Before printing, remove every picture; then print the lines below exactly, from the first line through the line containing "Byt se k pronájmu".

[Exercise materials — start]

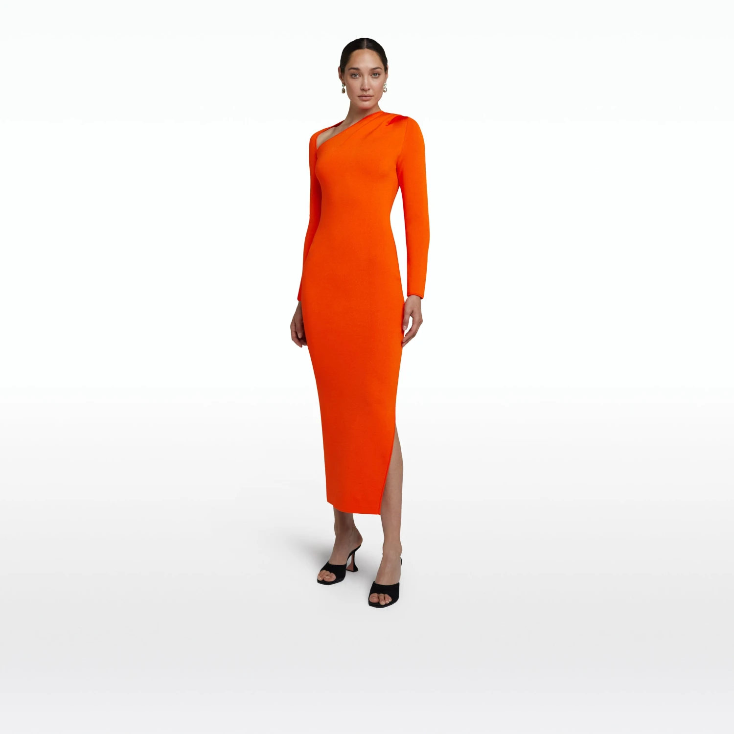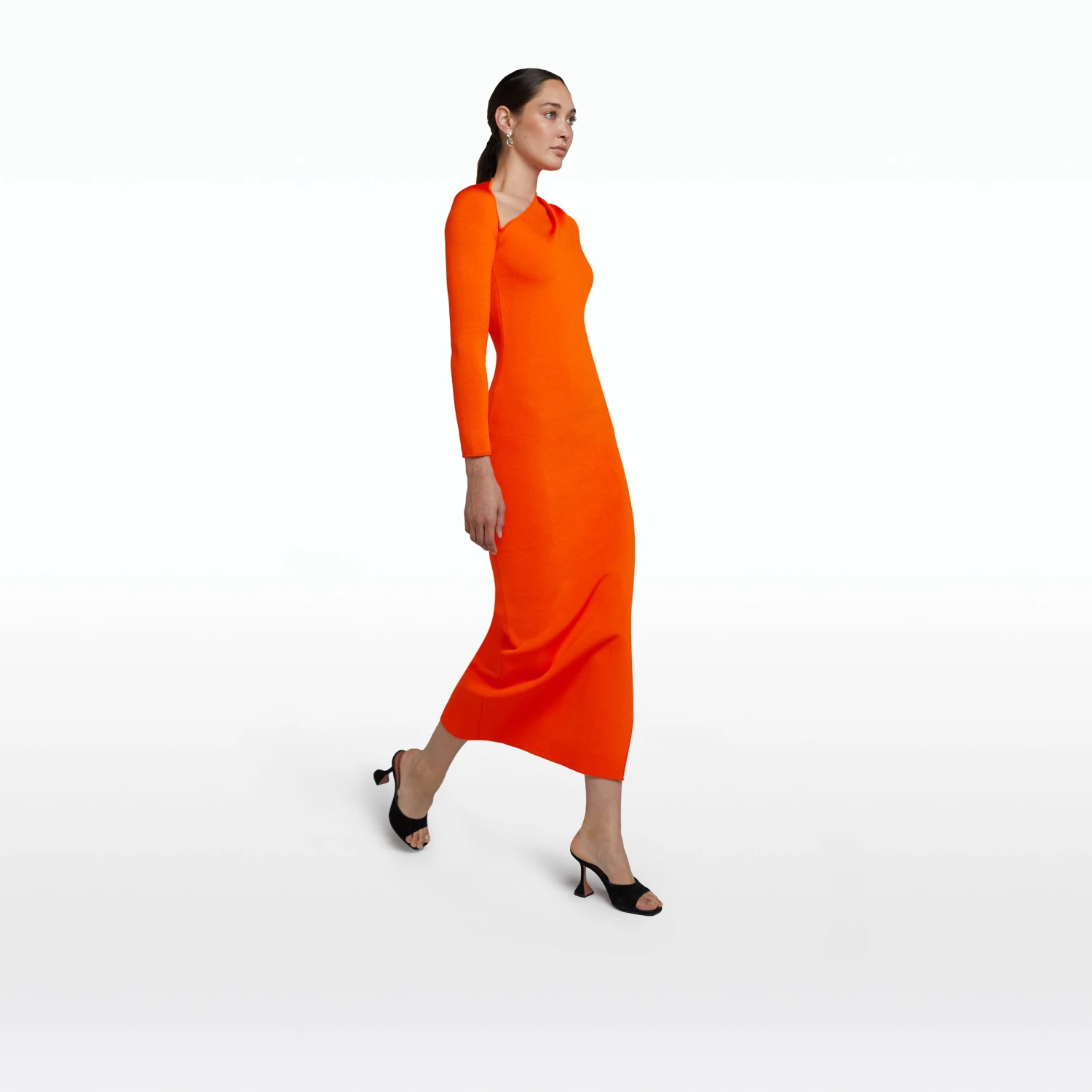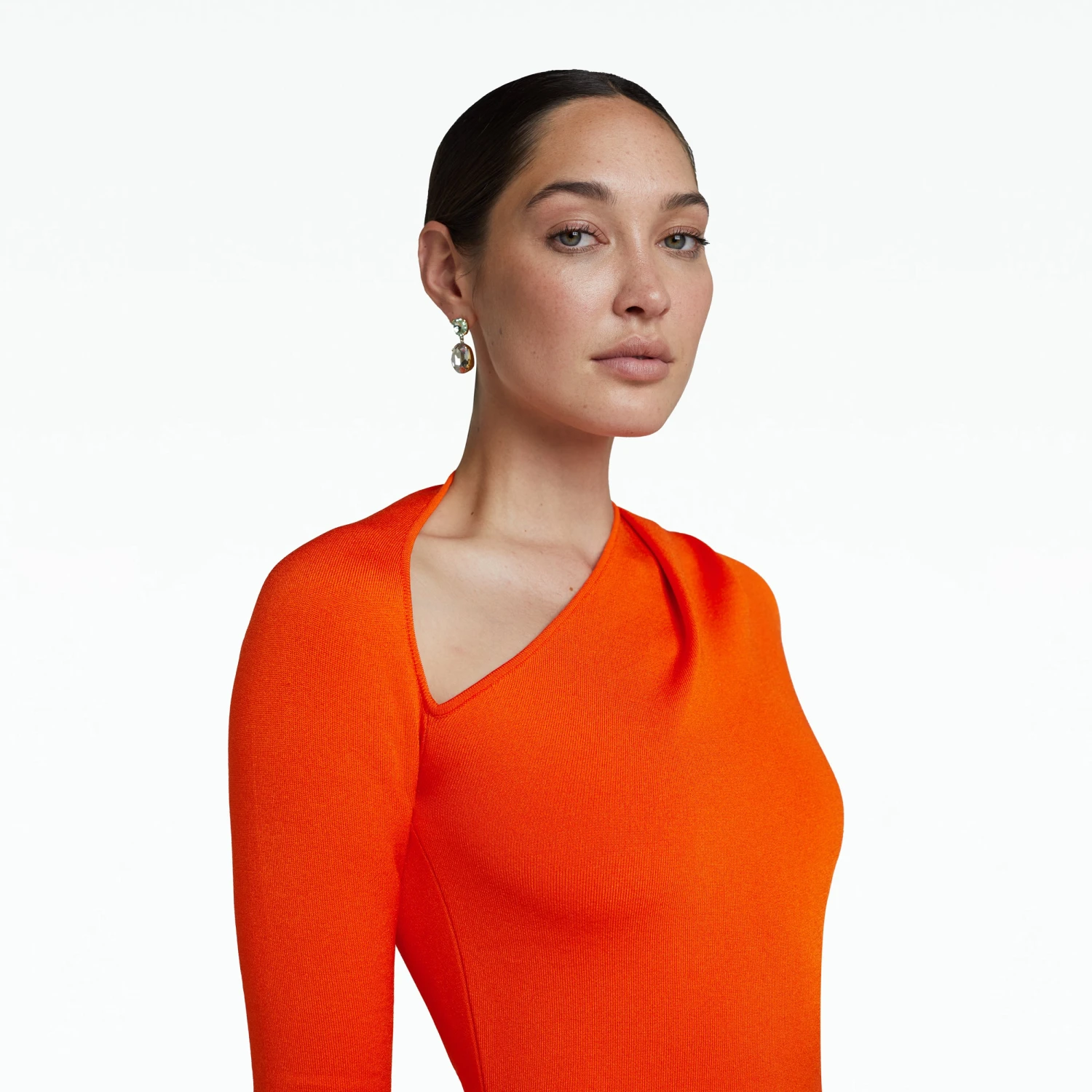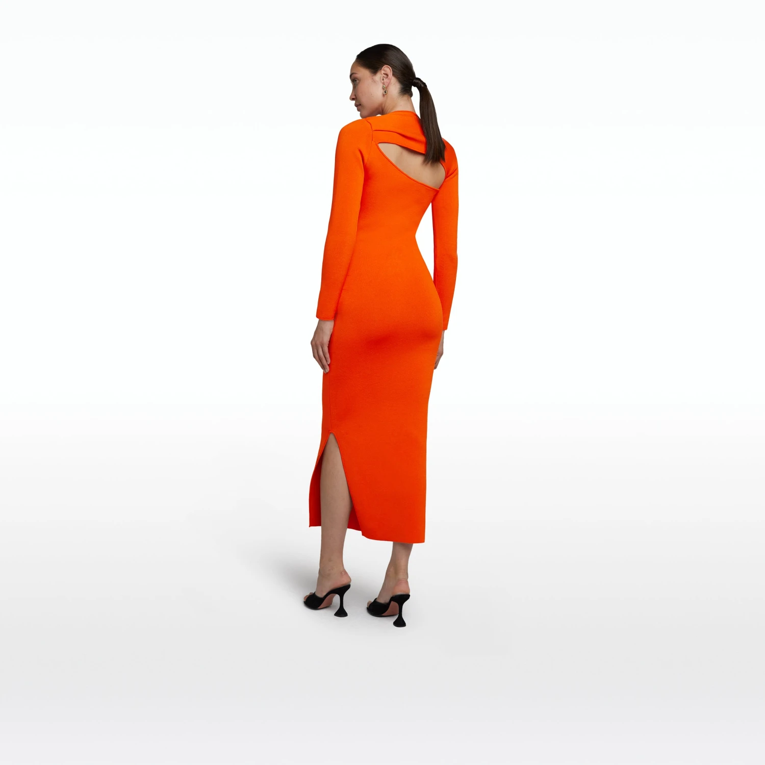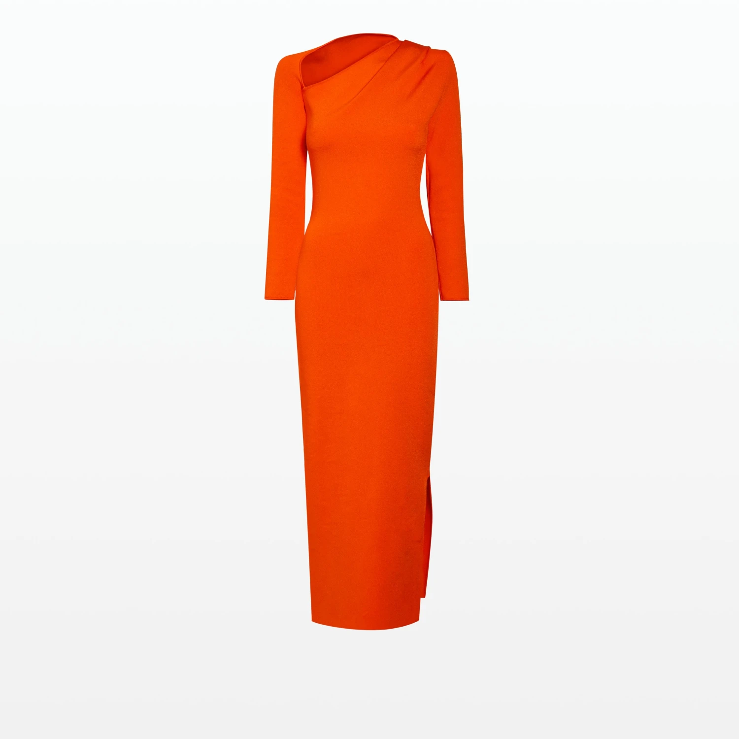 Ankle length fitted dress with side slit, twisted aymmetric neckline and cut out detail in flame Thin Bodycon Knit.
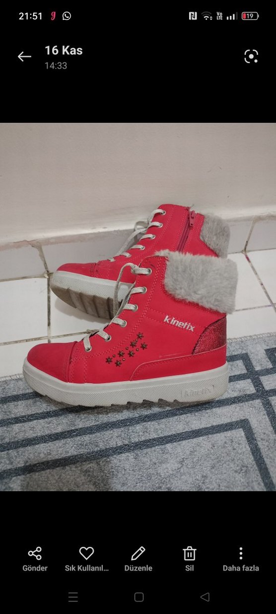Kinetix markalı, kürklü detaylı, yan fermuarlı, baskılı kırmızı kız çocuk botu. İç kısmı yumuşak ve sıcak tutan kumaşlıdır.
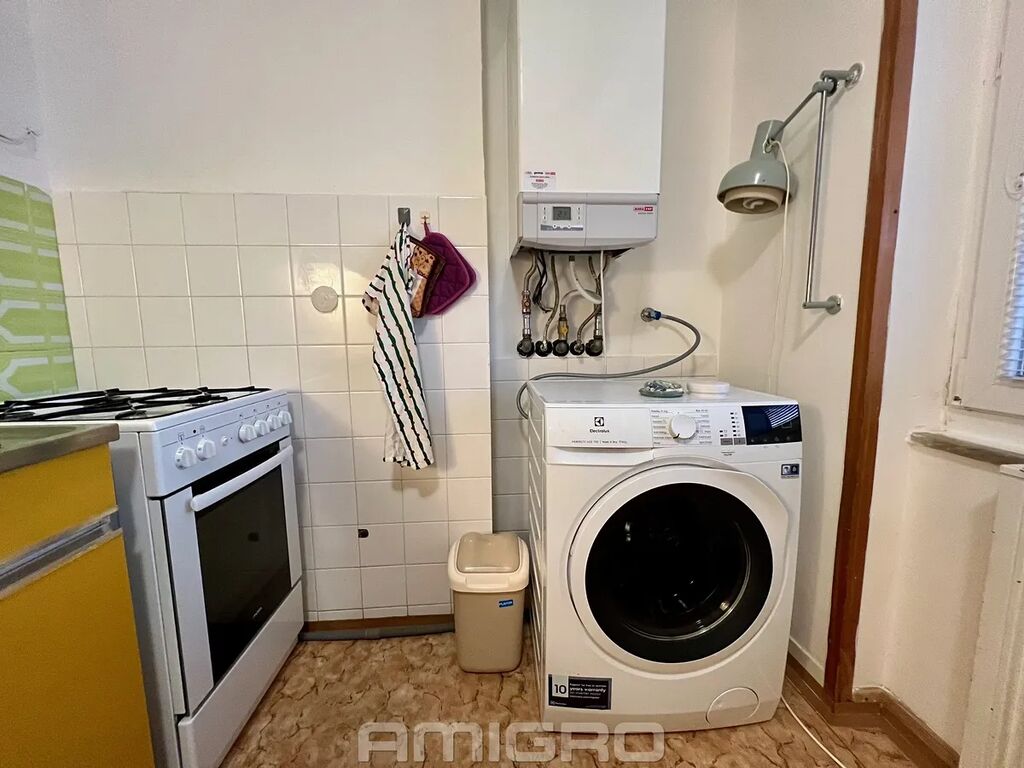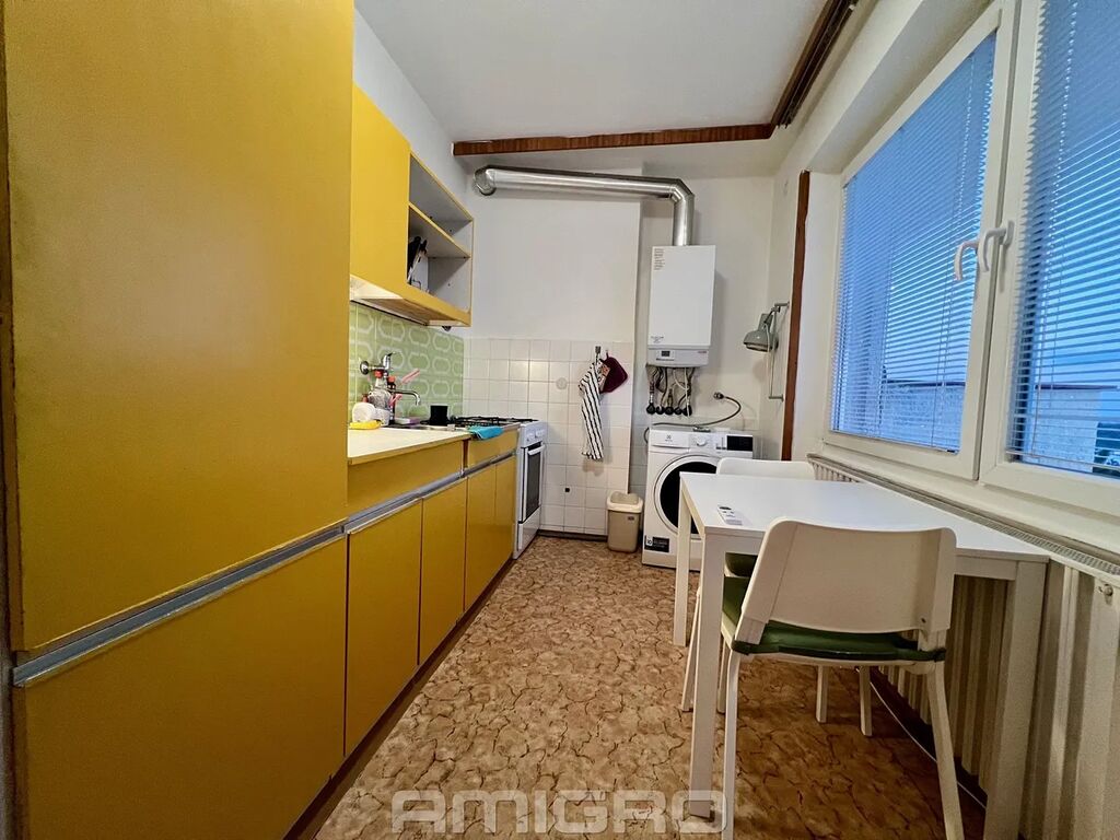 Byt se k pronájmu nabízí zařízen kuchyňskou linkou, sporákem, lednicí, pračkou, vest. skříně v předsíni i šatně.
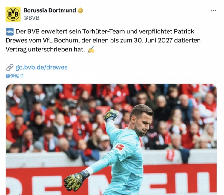 6月26日讯 当地时间本周四,多特蒙德官方宣布从波鸿签下门将帕特里克-德雷维斯。多特官方宣布,球队从上赛季降级的波鸿队中签下32岁的门将...
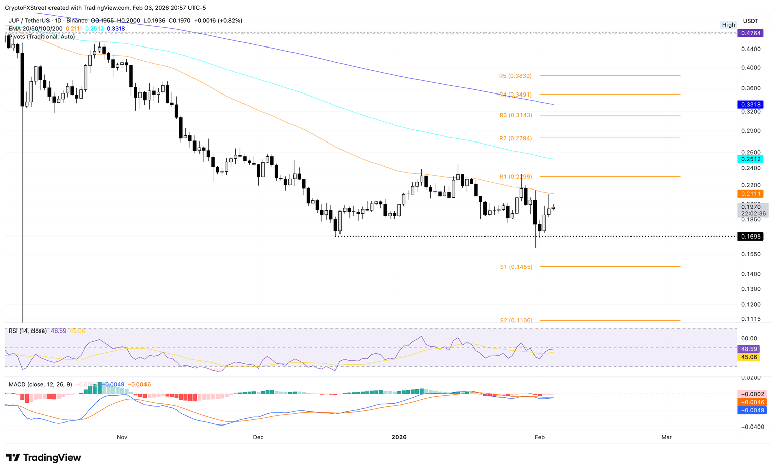 En un retroceso, el soporte clave para JUP sigue siendo el mínimo del 18 de diciembre en 0.1695$.
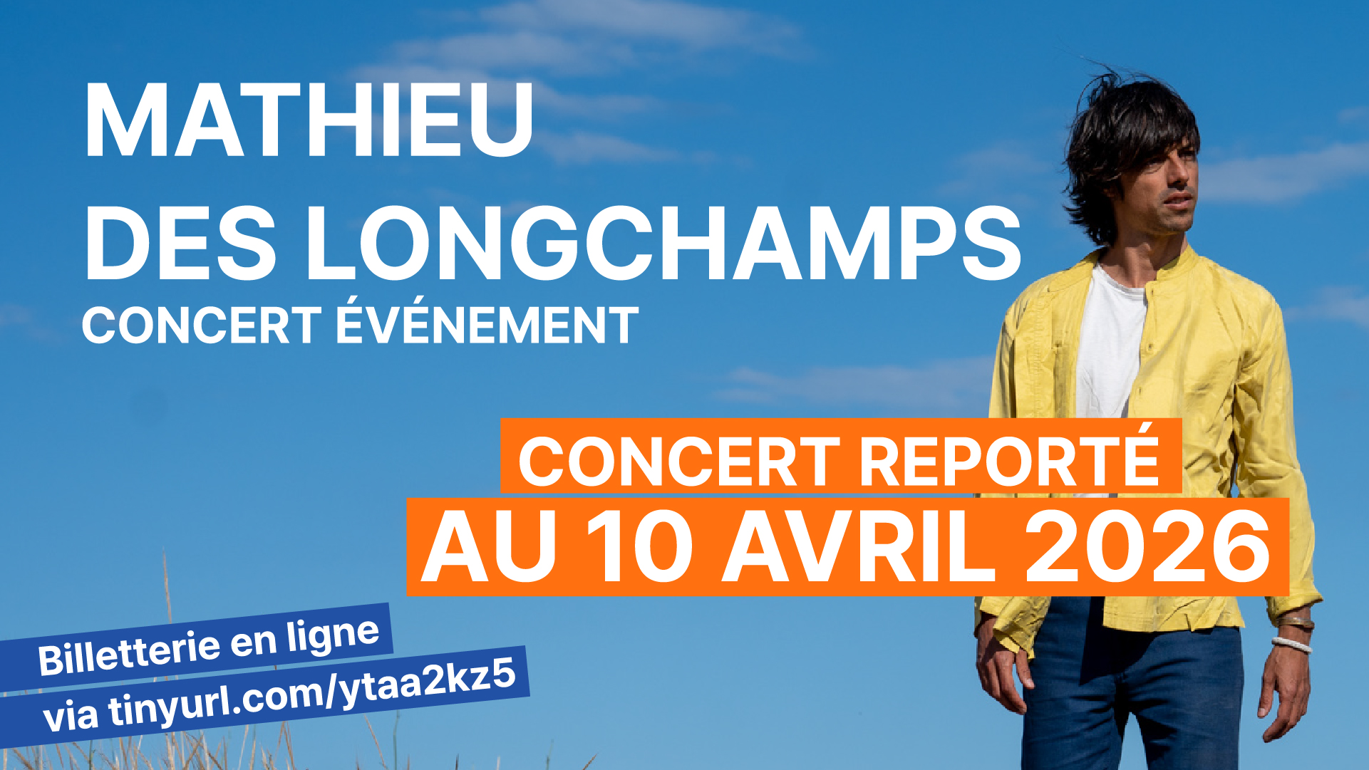 Espace de la Mare au Loup 14 rue de Houdan, FrancePour des raisons techniques, le concert de Mathieu des Longchamps est reporté au 10 avril 2026. Dans le cas où vous auriez déjà acheté votre billet, ce dernier reste valable pour la nouvelle date. Vous pouvez toutefois vous faire rembourser dans votre espace billet web. À très bientôt pour ce formidable concert ! Infos [...]

[Exercise materials — finish]

▸ Result for this task
 Ankle length fitted dress with side slit, twisted aymmetric neckline and cut out detail in flame Thin Bodycon Knit.
Kinetix markalı, kürklü detaylı, yan fermuarlı, baskılı kırmızı kız çocuk botu. İç kısmı yumuşak ve sıcak tutan kumaşlıdır.
 Byt se k pronájmu nabízí zařízen kuchyňskou linkou, sporákem, lednicí, pračkou, vest. skříně v předsíni i šatně.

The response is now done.